Just as she manages to gain her parents’ permission to attend Somerville College, Oxford, WWI interrupts Vera’s life. At first she sees the war as a terrible inconvenience–a bother that looms distantly on the horizon, and a nuisance that has little to do with her. She is, therefore, shocked to learn that her brother and his best friend Roland (Peter Woodward) intend to volunteer. It’s beyond her comprehension that they should sacrifice a university education for vague notions of patriotism. But both Roland and Edward make it clear that war is an unassailable territory exclusively for males, and they express the feeling that they don’t want to left out of the ‘action’. To them–and their intimate inner circle–to not participate would mean they carry a “stain” for the rest of their lives.

Vera finds herself swept up in WWI. As the fiance of Roland Leighton, she sees him shipped to the front in France, and she also waves her brother goodbye when he too is shipped overseas.
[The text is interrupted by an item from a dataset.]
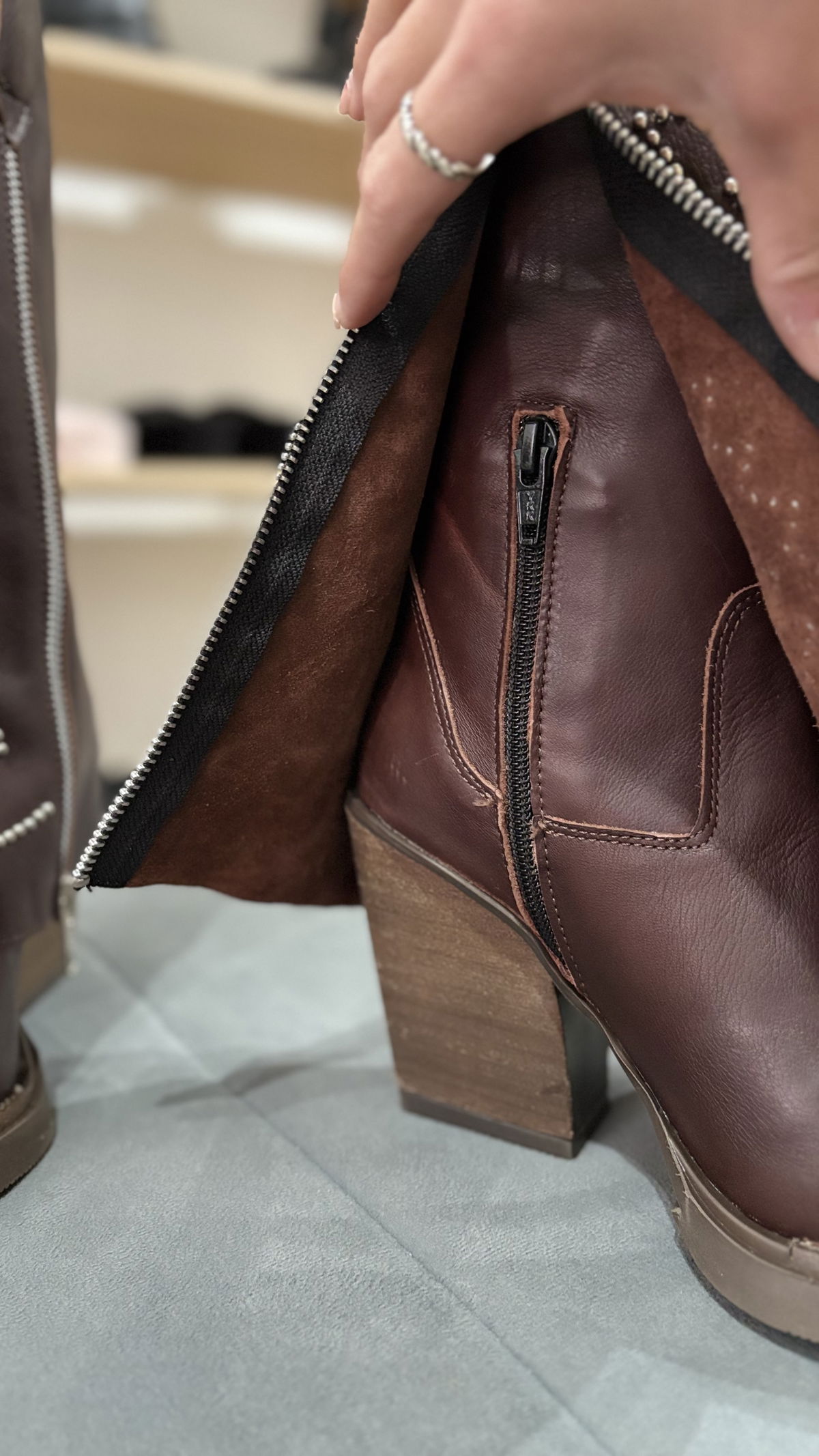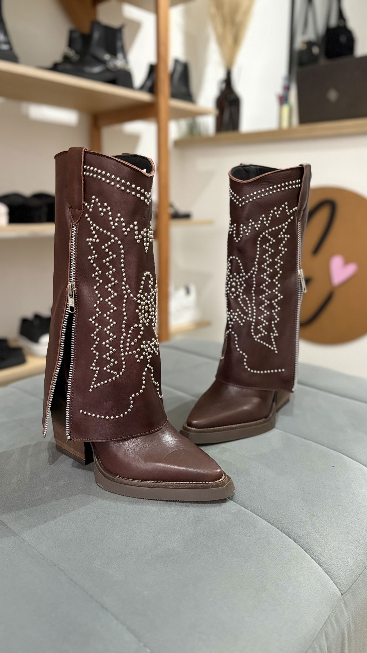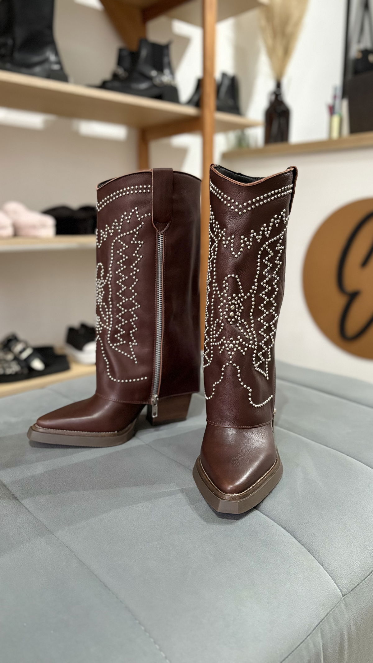 Texanas confeccionadas en 100% cuero, contienen pollera con doble cierre y detalles en tachas. Además incluye un cierre interno para más comodidad a la hora de calzarla.

Vera finds herself unable to continue with her university education, and instead she volunteers as a nurse and is eventually transferred to the front lines. Here, she nurses wounded and dying Germans under the most horrendous conditions.

Scenes at the front and in the havoc of makeshift, overcrowded hospitals contrast with the time Vera spends at home on leave where her parents live stubbornly in a world of their own–complaining about the lack of good servants, the parsimonious food supply, and demanding that she return home to ‘help out’. But the film treats all its characters with generosity, and in time, it’s clear that Vera’s parents’ stance is just another coping mechanism. The film does an excellent job of showing how Vera is torn by conflicting demands in an era when women’s roles were severely dictated by society and yet also rapidly changing. Peppered with marvelously strong characterizations–including Winfred Holtby, Vera’s dearest friend, the powerful drama is accompanied by excerpts of Leighton’s letters and poetry.

This beautifully acted, brilliant adaptation directed by Moira Armstrong captures the raw power of Brittain’s memoir, and the fact that Vera’s story is true, makes the film (and the book) exactly as the title suggests–a powerful “testament” against war. Gradually, over time, Vera’s belief system is shaken to its foundations as her illusions of patriotism and the nobility of war are stripped away and replaced with anger, loss and grief. Vera struggles with futility and anguish as those she loves best become statistics in a senseless bloodbath.

Testament of Youth is a 4 VHS set, and in spite of the fact this is a production from the late 70s, the film is remarkably good quality. Details on this boxed set state that it’s 200 minutes long with each tape 50 minutes. But, this is a 5 part series with two episodes on the first tape, so in reality the film is about 250 minutes long. If you are at all interested in WWI, feminist figures or pacifism, then this first class BBC drama is well worth watching.